GOAL OF THE EXERCISE:
Return, with both end lines included, exactly what the data below holds from the line with "Евгения , я" through the line with "Компенсационная трубка вверху", though not the pictures.

GIVEN ENTRIES:
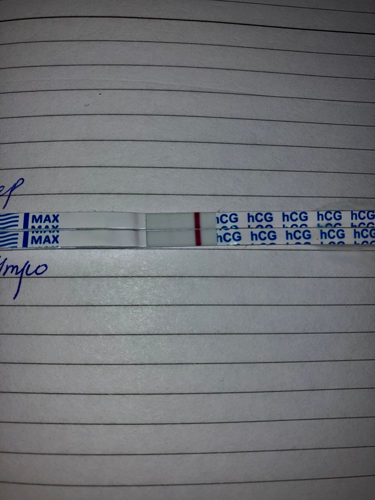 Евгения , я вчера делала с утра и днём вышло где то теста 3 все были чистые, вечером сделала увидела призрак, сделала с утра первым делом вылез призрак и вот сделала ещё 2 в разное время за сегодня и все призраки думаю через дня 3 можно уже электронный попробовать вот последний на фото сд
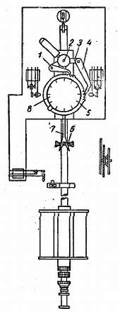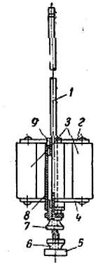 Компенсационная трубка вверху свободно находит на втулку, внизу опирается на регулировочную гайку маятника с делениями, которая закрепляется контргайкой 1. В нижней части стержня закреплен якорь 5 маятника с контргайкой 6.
* * *
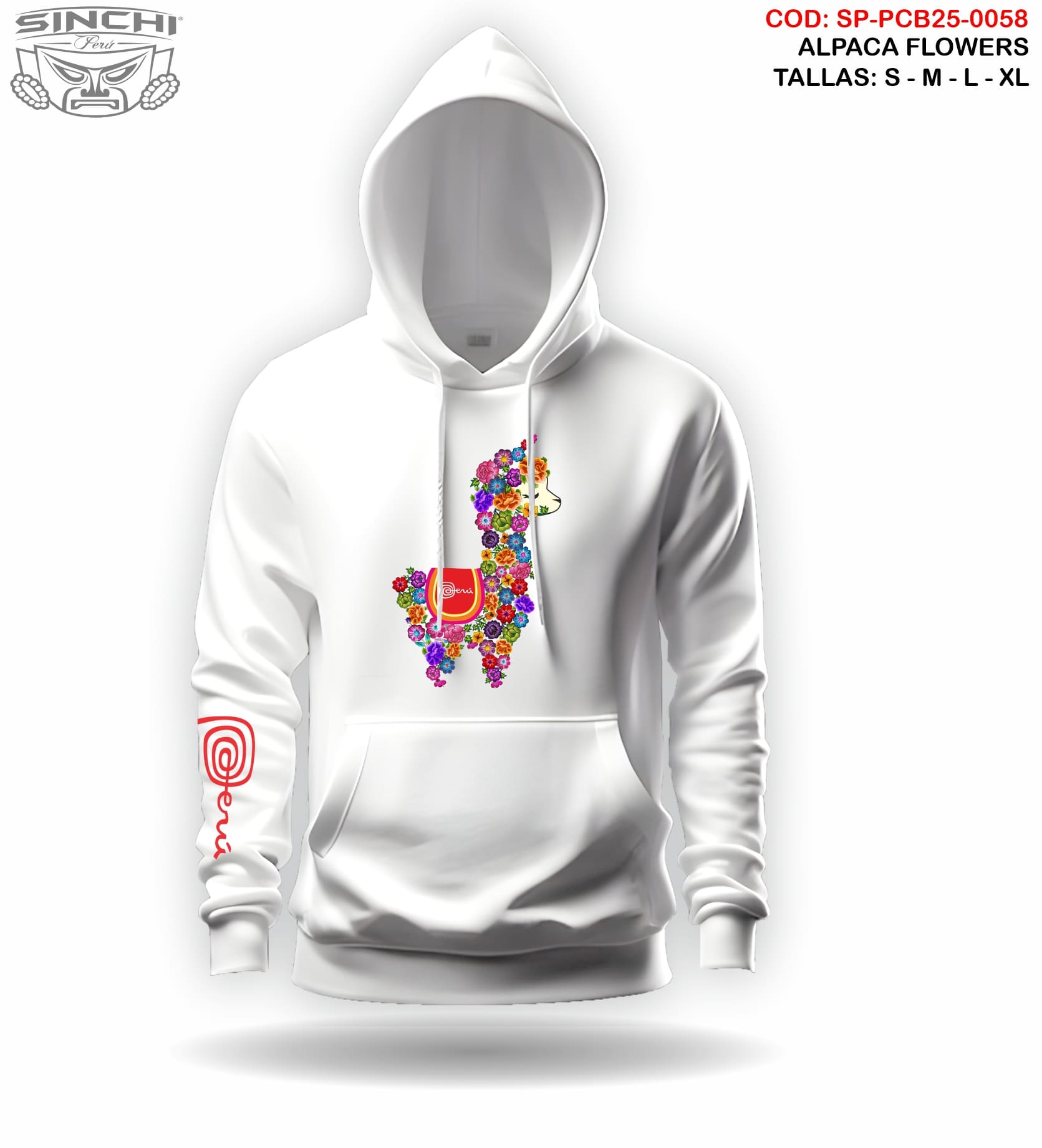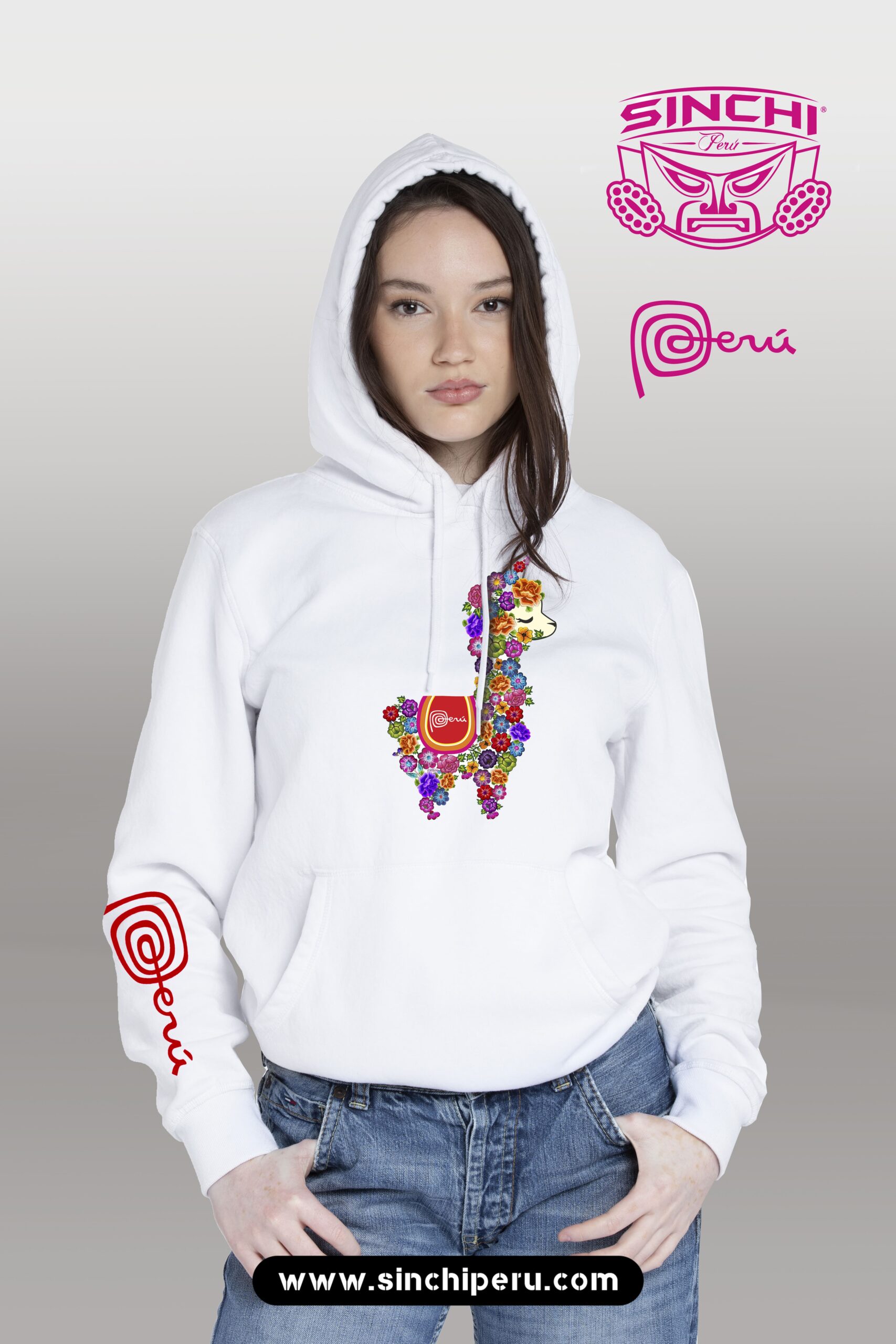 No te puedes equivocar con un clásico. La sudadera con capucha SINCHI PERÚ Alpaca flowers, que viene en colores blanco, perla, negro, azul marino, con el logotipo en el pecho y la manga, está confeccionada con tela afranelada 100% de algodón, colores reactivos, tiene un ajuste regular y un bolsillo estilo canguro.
==
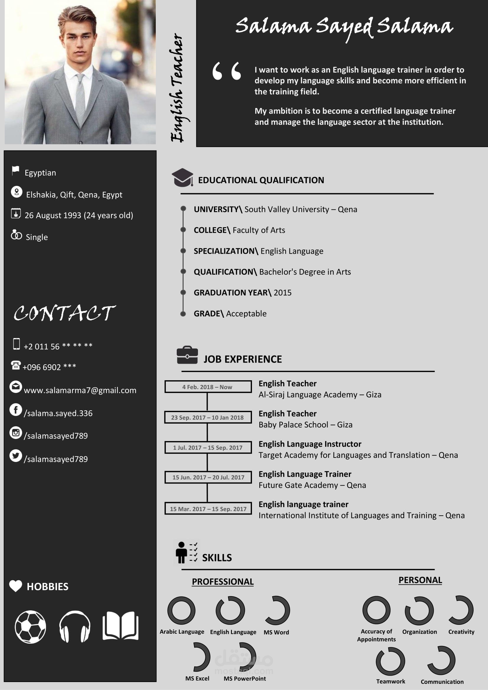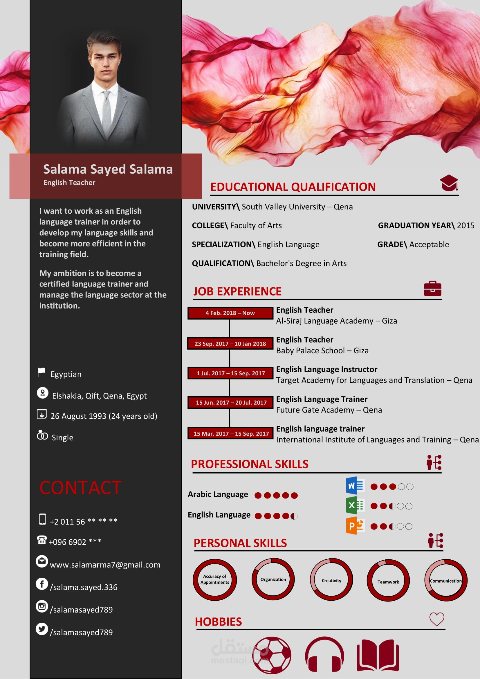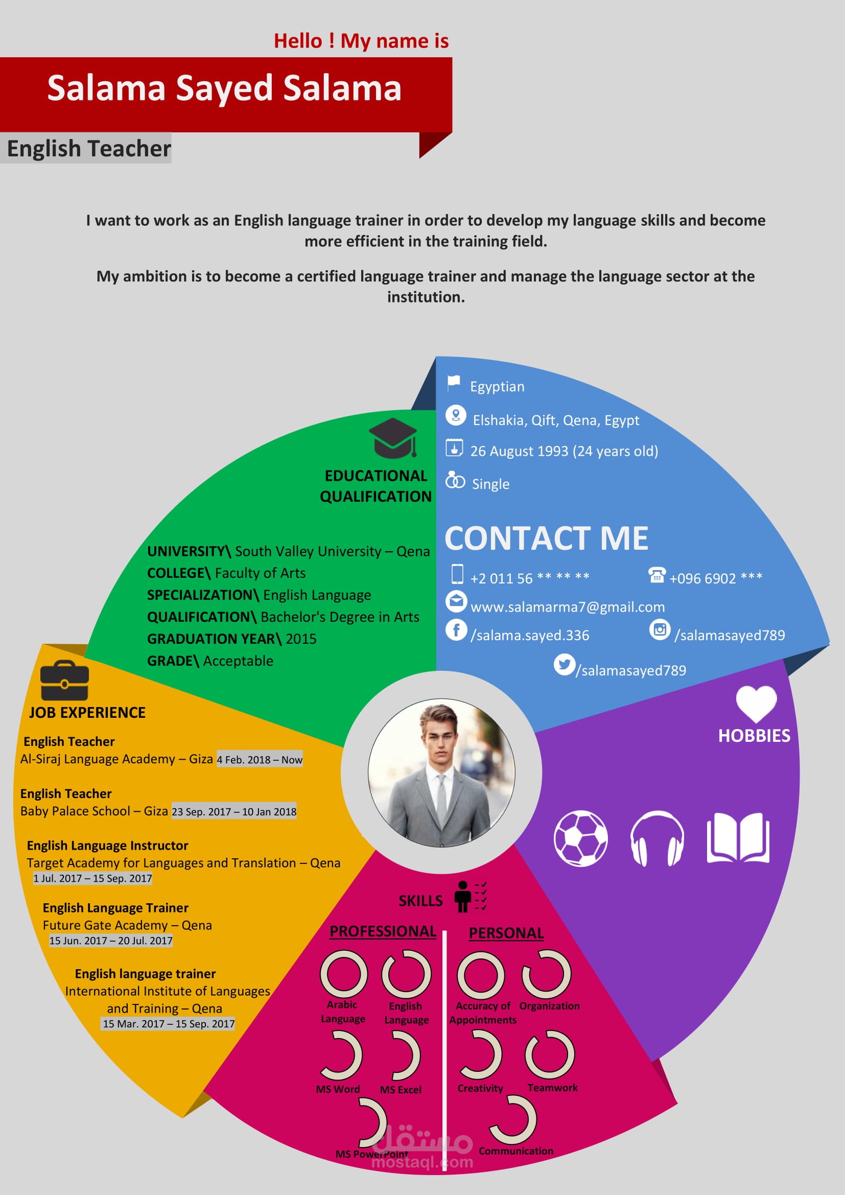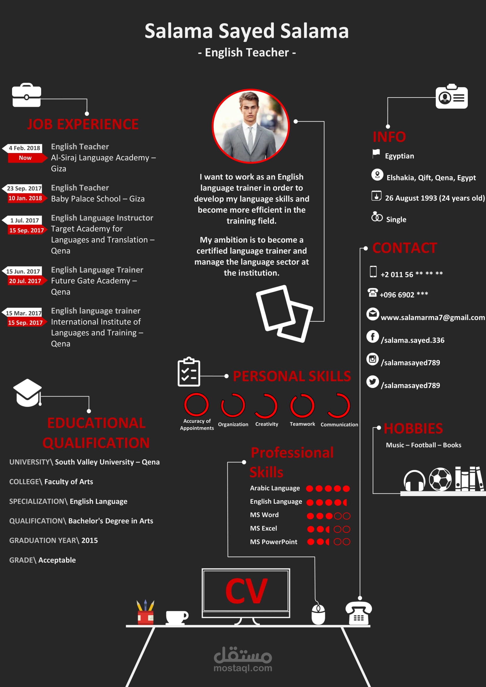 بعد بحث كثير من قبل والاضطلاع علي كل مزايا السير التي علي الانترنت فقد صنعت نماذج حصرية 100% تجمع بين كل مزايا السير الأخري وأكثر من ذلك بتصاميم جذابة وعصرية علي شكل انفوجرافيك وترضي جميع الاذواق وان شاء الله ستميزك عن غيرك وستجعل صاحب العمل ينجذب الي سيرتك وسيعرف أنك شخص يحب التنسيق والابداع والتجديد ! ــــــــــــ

RESPONSE:
 Евгения , я вчера делала с утра и днём вышло где то теста 3 все были чистые, вечером сделала увидела призрак, сделала с утра первым делом вылез призрак и вот сделала ещё 2 в разное время за сегодня и все призраки думаю через дня 3 можно уже электронный попробовать вот последний на фото сд
 Компенсационная трубка вверху свободно находит на втулку, внизу опирается на регулировочную гайку маятника с делениями, которая закрепляется контргайкой 1. В нижней части стержня закреплен якорь 5 маятника с контргайкой 6.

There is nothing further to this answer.